* **Data to use**:
● ● ● ● ● ● ●

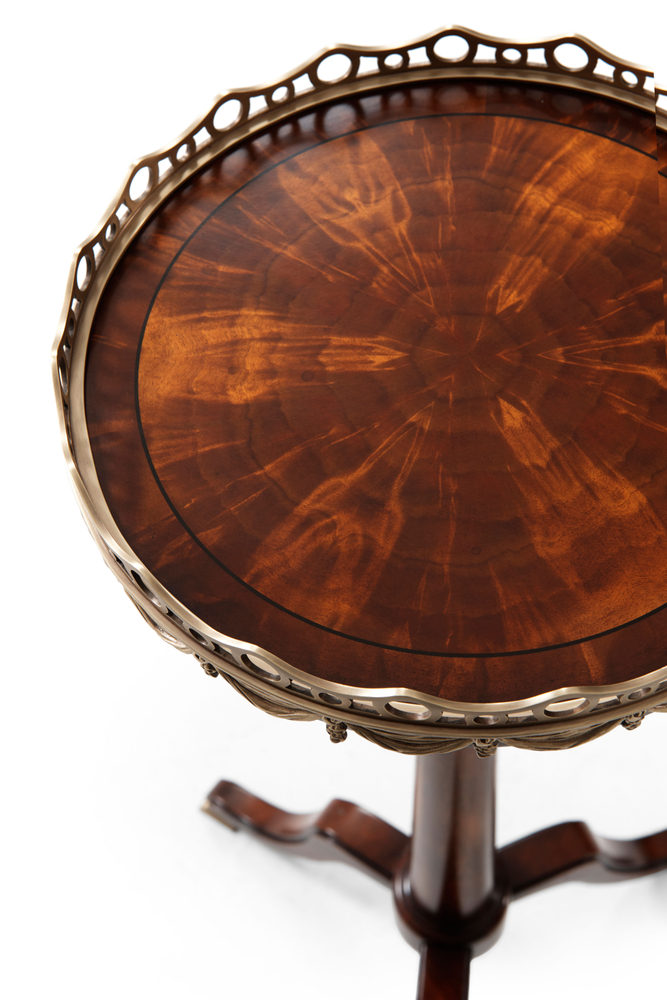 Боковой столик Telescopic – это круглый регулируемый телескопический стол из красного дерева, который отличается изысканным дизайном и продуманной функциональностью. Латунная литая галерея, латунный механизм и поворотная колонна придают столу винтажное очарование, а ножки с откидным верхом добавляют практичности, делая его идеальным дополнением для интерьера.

● ● ● ● ● ● ●

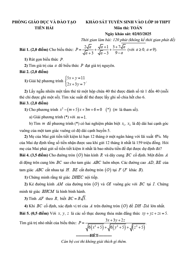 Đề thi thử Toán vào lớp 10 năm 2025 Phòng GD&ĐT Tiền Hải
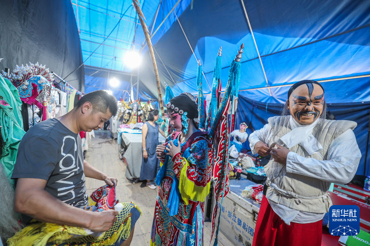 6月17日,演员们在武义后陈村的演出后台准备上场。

● ● ● ● ● ● ●

* **Exercise**: Would you print exactly the lines in the listing above, from the line bearing "Đề thi thử Toán" through the line bearing "6月17日,演员们在武义后陈村的演出后台准备上场。", leaving out all pictures?

* **Solution to this task**:
 Đề thi thử Toán vào lớp 10 năm 2025 Phòng GD&ĐT Tiền Hải
 6月17日,演员们在武义后陈村的演出后台准备上场。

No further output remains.